Gauge invariance of light-matter interactions in first-principle tight-binding models

TL;DR

This paper investigates gauge invariance in first-principle tight-binding models for light-matter interactions, demonstrating that the dipole gauge offers more accurate results and that enforcing sum rules can correct velocity gauge deficiencies.

Contribution

It compares velocity and dipole gauges in TB models, showing how to enforce gauge invariance and improve accuracy using sum rules.

Findings

Dipole gauge yields more accurate optical responses.

Enforcing sum rules corrects velocity gauge deficiencies.

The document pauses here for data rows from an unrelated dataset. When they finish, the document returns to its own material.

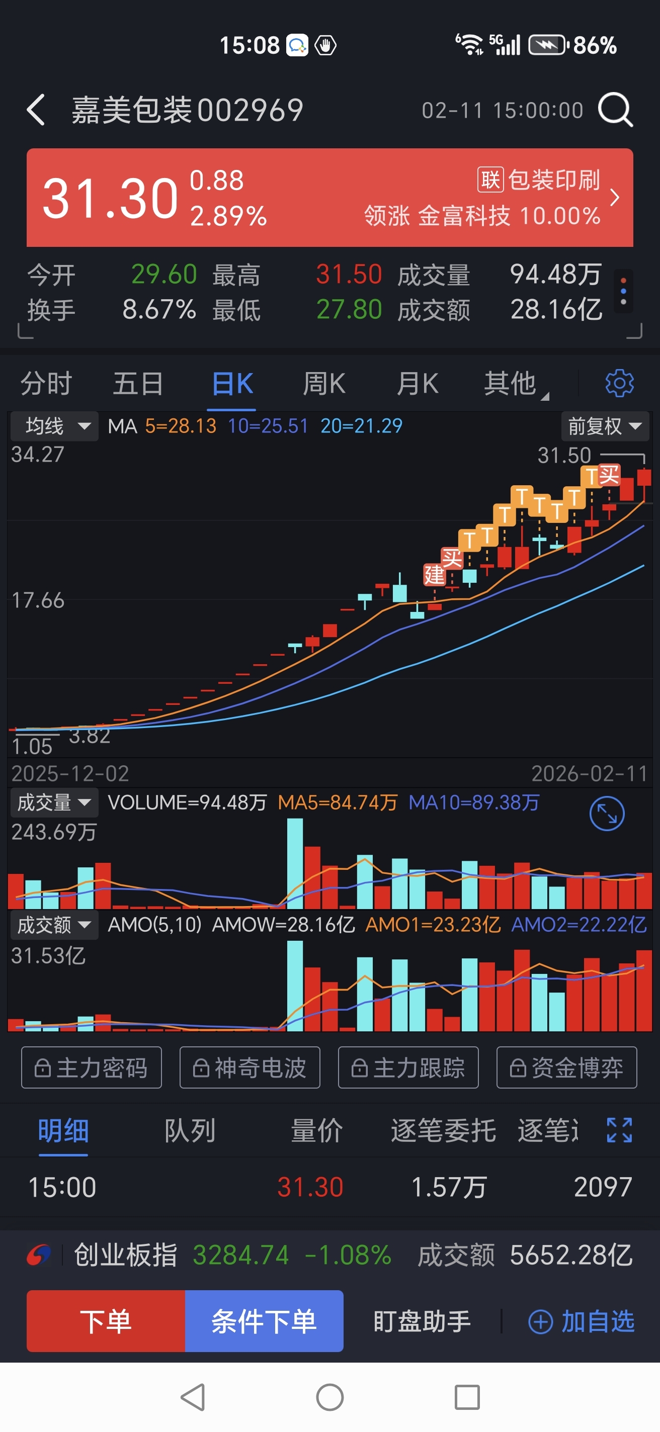 $嘉美包装(SZ002969)$ 我从1月19号买入到今天,嘉美就2月4号那天是绿的。2月2号跟今天大跌成这样都能拉上来。我反正也不能动了。年后涨到50再说。。
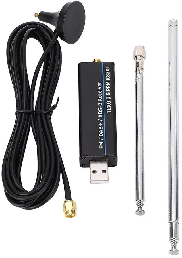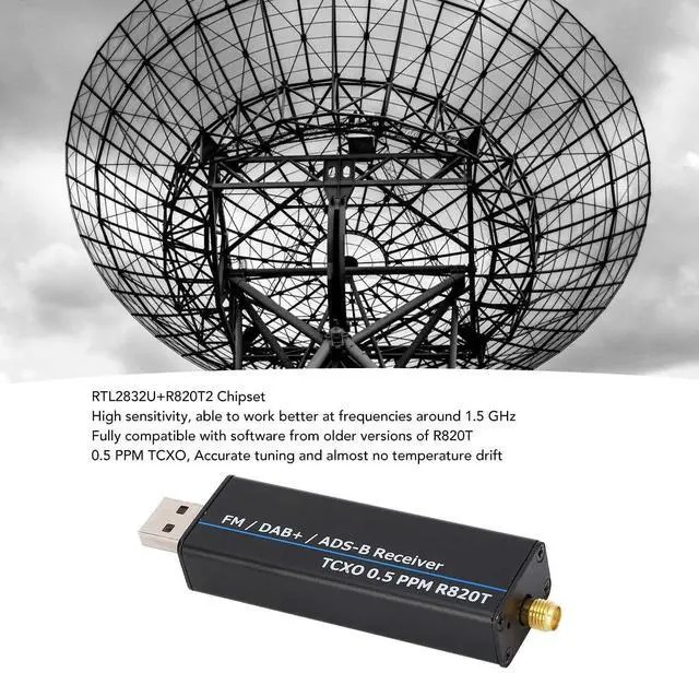 (Added features: CTCSS, DCS, frequency scanner, automatic scanning, etc. ) ^^ [ 0.5 PPM TCXO] Features tuning and minimal temperature drift, covering all HF amateur bands, VHF, and UHF frequencies from 24 to 1766MHz, with up to 3.2M sampling rate (~ 2.8MH z stable). Receiver modes include, NFM, FM, DSB, USB, LSB, and CW. ^^ [RTL2832U and R820T2 Chipset] Utilizes RTL2832U and R820T2 chipset for improved sensitivity compared to R820T, with better performance around 1.5 GHz. Fully compatible with old R820T software. Operating frequency 100KHz to 1766MHz, covering all amateur bands. ^^ [Direct Sampling] Supports shortwave Q branch direct sampling (depending on SDR software used), with 8 bit ADC providing approximately 50 dB dynamic range, 50 ohm input impedance, and independent antenna inputs for shortwave and VHF. ^^ [USB Computer Connection] Mini USB powered, receives low, medium, high frequencies (0 to 30MHz). HF band antenna must be connected to input port, while reception requires compatible antennas like long wire, random wire, dipole, etc., for optimal performance.
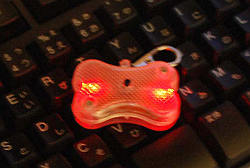 ワンコの夜の散歩のお供です。 2つのLEDが左右交互に点滅、両方同時に点滅、常時点灯の三種類がひとつのスイッチを押すことで切り替えが出来ます。 もちろん電池(LR41×2個)付き。 通常これに似た製品は500円から700円はするのでメチャ安いと思います。
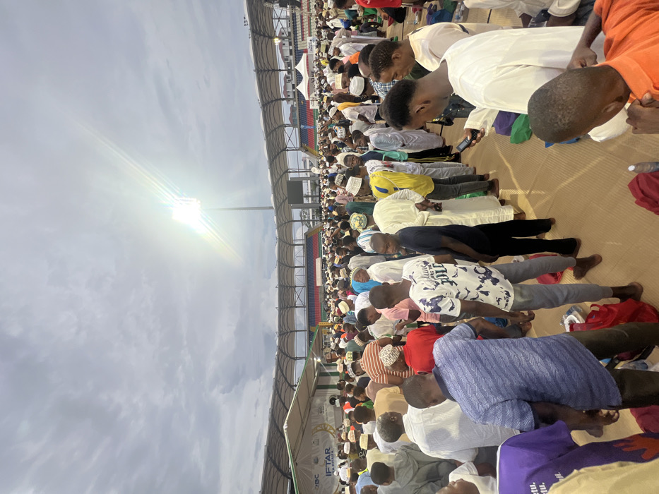 A wide-angle, slightly elevated perspective captures a large-scale outdoor gathering of thousands of predominantly male individuals on the field of a stadium in Zanzibar City, Tanzania, consistent with Amaan Stadium. The sky is overcast, with a bright floodlight on a tall pole casting a significant flare from the right side of the image. The stadium's multi-colored seating (red, blue, green) is visible in the background, mostly empty. The ground where the crowd stands is covered with a light-colored mat or tarp. Many attendees wear kufis (prayer caps) in various patterns and colors, along with a mix of traditional white robes and casual clothing. White event tents are erected on the left side, one featuring text including "JBC" and "IFTAR KITA." Individuals in the foreground are standing, some looking at mobile phones. Red and green bags or prayer mats are distributed on the ground. The scene depicts a densely packed assembly, indicating a significant community or national event, likely an Iftar gathering.

Gauge invariance can be achieved in TB models through sum rule enforcement.

Abstract

We study the different ways of introducing light-matter interaction in first-principle tight-binding (TB) models. The standard way of describing optical properties is the velocity gauge, defined by linear coupling to the vector potential. In finite systems a transformation to represent the electromagnetic radiation by the electric field instead is possible, albeit subtleties arise in periodic systems. The resulting dipole gauge is a multi-orbital generalization of Peierl's substitution. In this work, we investigate accuracy of both pathways, with particular emphasis on gauge invariance, for TB models constructed from maximally localized Wannier functions. Focusing on paradigmatic two-dimensional materials, we construct first-principle models and calculate the response to electromagnetic fields in linear response and for strong excitations. Benchmarks against fully converged first-principle calculations allow for ascertaining the accuracy of the TB models. We find that the dipole gauge provides a more accurate description than the velocity gauge in all cases. The main deficiency of the velocity gauge is an imperfect cancellation of paramagnetic and diamagnetic current. Formulating a corresponding sum rule however provides a way to explicitly enforce this cancellation. This procedure corrects the TB models in the velocity gauge, yielding excellent agreement with dipole gauge and thus gauge invariance.